Comment by klodolph
6 years ago
I think we should abolish different prefixes for short/long flags except for core POSIX programs (like ls, cp, rm, mkdir, etc.) In other words, "-flag" should be interchangeable with "-flag". The ONLY reason I can think of why you would not recognize "-flag" as equal to "--flag" is because you want to recognize it as "-f -l -a -g", which makes sense for programs like ls, but for 99% of newer programs, don’t do it. Just make "-flag" and "--flag" equivalent.
Strongly disagree. Be consistent, avoid ambiguity, reduce risk of uncertainty. The convention has the feature of combining flags, but there's more. Making -flag and --flag equivalent means combining flags is not possible without potential collisions, and the distinction would become less obvious overall. Usage in practice would be split between -flag and --flag. Enable such inconsistency for what benefits?
Yes, I agree… be consistent and avoid ambiguity. Combined short flags are the most ambiguous of all.
Usage in practice would be split between -flag and --flag… so what? They shouldn’t mean different things, because it is too easy for humans to miss the extra -. And in the end, CLIs are for humans first.
> And in the end, CLIs are for humans first.
I don't think that CLIs are more suited to either humans or computers. CLIs are flexible enough to be effectively used by both.
> Usage in practice would be split between -flag and --flag. So what?

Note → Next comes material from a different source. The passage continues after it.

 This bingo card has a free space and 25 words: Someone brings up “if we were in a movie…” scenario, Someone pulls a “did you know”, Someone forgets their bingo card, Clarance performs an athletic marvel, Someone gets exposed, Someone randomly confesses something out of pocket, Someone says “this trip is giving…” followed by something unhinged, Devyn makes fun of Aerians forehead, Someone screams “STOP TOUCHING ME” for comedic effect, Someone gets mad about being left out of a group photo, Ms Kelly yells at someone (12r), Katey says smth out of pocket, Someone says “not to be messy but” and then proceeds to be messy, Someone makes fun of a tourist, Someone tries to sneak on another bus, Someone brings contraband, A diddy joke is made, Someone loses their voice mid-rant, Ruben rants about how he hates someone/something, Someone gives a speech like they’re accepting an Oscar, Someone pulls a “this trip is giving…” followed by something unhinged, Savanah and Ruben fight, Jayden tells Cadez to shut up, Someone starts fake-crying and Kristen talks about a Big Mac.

Well, you're breaking everybody's expectations and many years of conventions by doing it. Saving one dash with every flag and losing the ability to combine short options is just not a good trade off.
2 replies →
> for 99% of newer programs, don’t do it
The majority of recent tools in my circle follow this Unix convention. That is a natural result when you use getopt_long().
Right, "don't do it" is imperative mood, not indicative mood. If it were indicative mood, the clause would need a subject but in a casual internet forum I can see why people would omit the subject anyway ¯\_(ツ)_/¯
This is one of the reasons why I don't use getopt_long() -- I don't WANT short flags to be combined, for most commands I write. Fortunately, getopt_long() is one of those library functions that is truly trivial to reimplement and not something that has arcane behavior or edge cases.
Thing is, being able to concatenate options together saves a lot of typing.
(And honestly, —long-flags are rarely useful in practice. Unless you have no man page to figure out what the single letter options do.)
> honestly, —long-flags are rarely useful in practice. Unless you have no man page to figure out what the single letter options do
I agree for the general case: typing commands in a terminal. But I often use long flags in scripts to improve readability.
To increase the readability in scripts, one can use comments. Long options only increase the likelihood of going over someones preferred column count, forcing one to use newline escapes, splitting the command over multiple lines - especially if the command in question is indented. Does that really increase readability? I don't think so personally.
I do the same, along with longer variable names. Every time I went back to look at old code, I am so grateful that I used the more descriptive information.